The two “depraved heart” hypothetical concerning an assailant with one victim— playing Russian roulette and selling undiluted heroin — also are inapplicable. The trial judge, preferring the Russian roulette analogy, opined that a second-degree murder instruction would be proper “even if there’s just one person in a street, and you start firing, firing an AK-47 down the street in that person’s direction.” That opinion presupposes an indifferent state of mind that, from my reading, nothing in the record supports.8
Language from one of our opinions ruling for the government in which we affirmed the denial of a defense request for a lesser-included second-degree murder instruction fits perfectly: “Here, the record reveals no dispute regarding [Jennings’] state of mind. His defense theory was misidentifiction, and thus the only issue *1085regarding the murder[ ] was the identity of the assailant.”9
Respectfully, therefore, I dissent. I cannot find the error harmless. I therefore would reverse the judgment of conviction for second-degree murder and remand for a new trial.

. Coleman v. United States, 948 A.2d 534, 551 (D.C.2008) (citations and internal quotation marks omitted).

. See Leak v. United States, 757 A.2d 739, 740-741 (D.C.2000).

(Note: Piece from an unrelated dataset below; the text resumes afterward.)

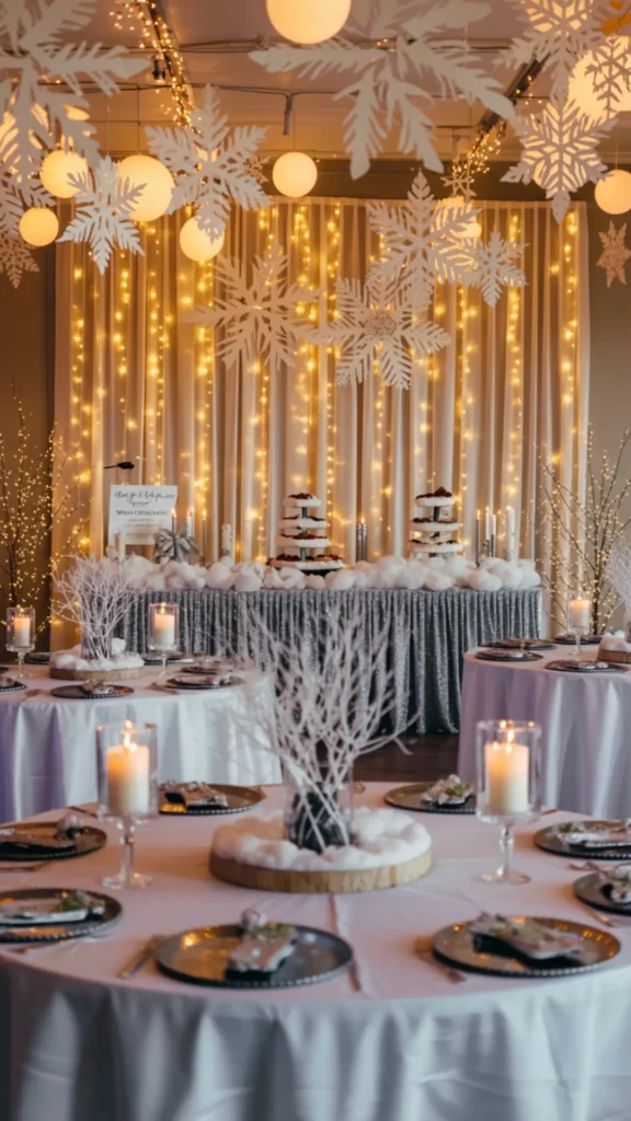 Ceiling décor is where winter wonderland becomes fully immersive. When guests look up and see snowflakes floating above them, the space instantly feels like a fantasy. Use hanging snowflakes in different sizes, and hang them at different heights so it looks like snowfall. Mix paper snowflakes, acrylic snowflakes, and glitter snowflakes (glitter sealed, not shedding) for different textures. Use fishing line or clear string so the snowflakes look like they’re floating.

. Comber v. United States, 584 A.2d 26, 39 (D.C.1990) (en banc). The trial court instructed on second-degree murder while armed as follows. The parties do not question the language.
The essential elements of the lesser included offense of second-degree murder while armed, each of which the government must prove beyond a reasonable doubt, are, first, that the defendant caused the death of the decedent, Jamal Hull; second, that at the time the defendant did so, he had the specific intent to kill or seriously injure the decedent or acted in conscious disregard of an extreme risk of death or serious bodily injury to the decedent; and, third, that at the time of the offense the defendant was armed with a firearm. Second-degree murder while armed differs from first-degree premeditated murder while armed in that it does not require premeditation, deliberation, or a specific intent to kill.

. Anderson v. United States, 490 A.2d 1127, 1130 (D.C.1985).

. Supra note 3, 584 A.2d at 39 n. 13.

. Government exhibit 122 showed the location of one arm chair at the edge of the sidewalk directly in front of the courtyard, far away from the front of building 1520. There was no evidence that anyone was in that chair near, or at, the time of the shooting.

. Supra note 5.

.The trial judge rejected the government’s argument that "people could have been sitting [or] sleeping in their cars” on the street where Hull was killed. The judge noted that for conviction of second-degree murder "the defendant has to know that there are people in the line of fire,” and added that “there's no testimony that there was anyone in any of those cars."

. Bright v. United States, 698 A.2d 450, 457-458 (D.C.1997).